Exercise description: From the first line to the last, retype everything below exactly, minus the pictures.

___ Exercise materials ___

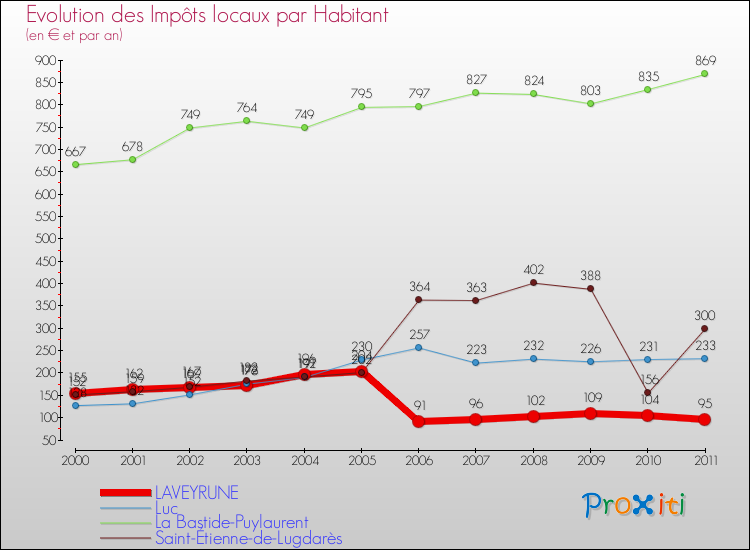 A Laveyrune, les impôts locaux par habitant ont donc baissés de 38.71 % entre 2000 et 2011.
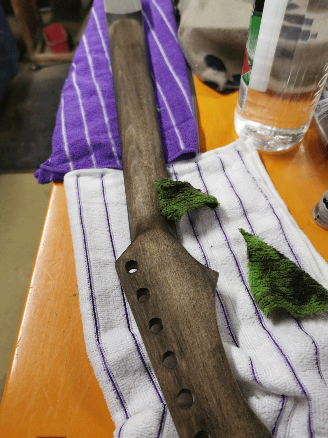 I put down the final coat of wipe on poly for the body. It's gonna need some finessing to get it to look okay after it cures, but I'm pretty happy for a first attempt. Hopefully no sanding through the clear coat...
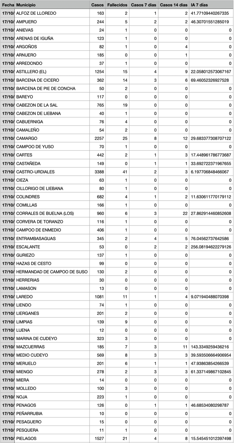 Para entender la tabla, Casos: Total desde el inicio de la pandemia. Fallecidos: Total desde el inicio de la pandemia. Casos 7: son casos nuevos en los últimos 7 días. Casos 14: Casos nuevos en los últimos 14 días. IA 7 días: Incidencia acumulada a 7 días sobre 100.000 habitantes.
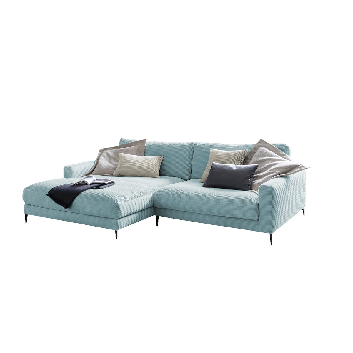 KAWOLA Ecksofa CARA Sofa Recamiere links Cord hellblau
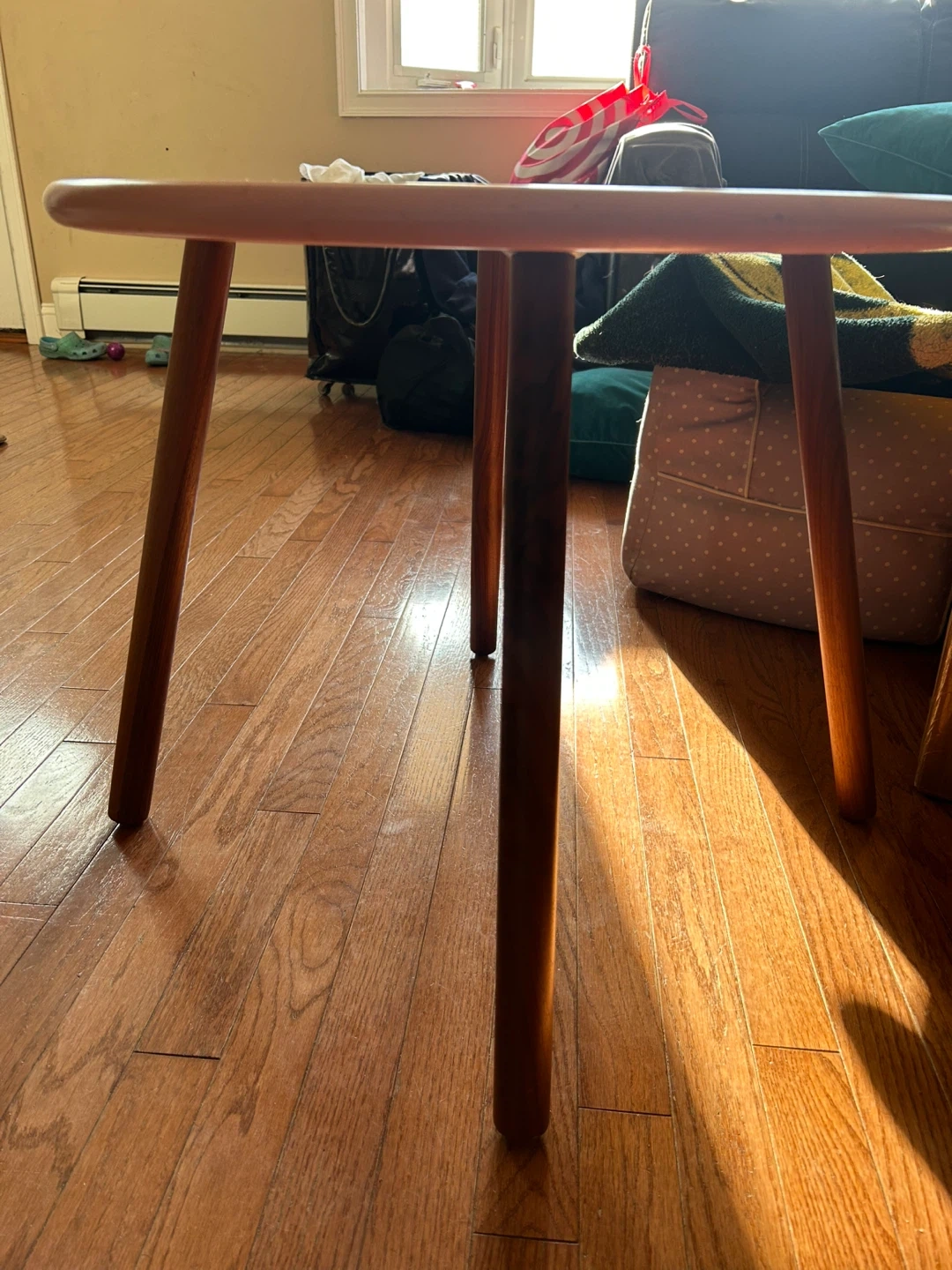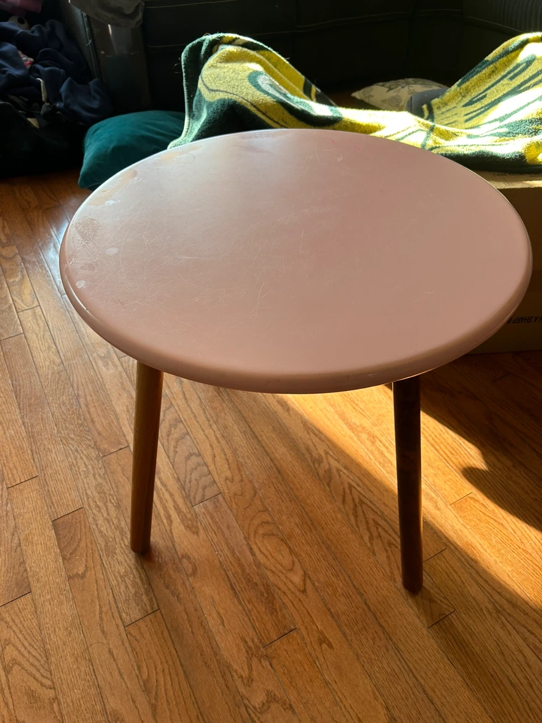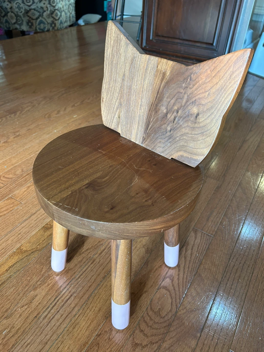 Selling a cute wooden cat chair, perfect for a child's room or play area! It's in good condition and ready for a new home. I'm also selling a small pink table, great for kids' activities or as a side table

___

Task result:
 A Laveyrune, les impôts locaux par habitant ont donc baissés de 38.71 % entre 2000 et 2011.
 I put down the final coat of wipe on poly for the body. It's gonna need some finessing to get it to look okay after it cures, but I'm pretty happy for a first attempt. Hopefully no sanding through the clear coat...
 Para entender la tabla, Casos: Total desde el inicio de la pandemia. Fallecidos: Total desde el inicio de la pandemia. Casos 7: son casos nuevos en los últimos 7 días. Casos 14: Casos nuevos en los últimos 14 días. IA 7 días: Incidencia acumulada a 7 días sobre 100.000 habitantes.
 KAWOLA Ecksofa CARA Sofa Recamiere links Cord hellblau
 Selling a cute wooden cat chair, perfect for a child's room or play area! It's in good condition and ready for a new home. I'm also selling a small pink table, great for kids' activities or as a side table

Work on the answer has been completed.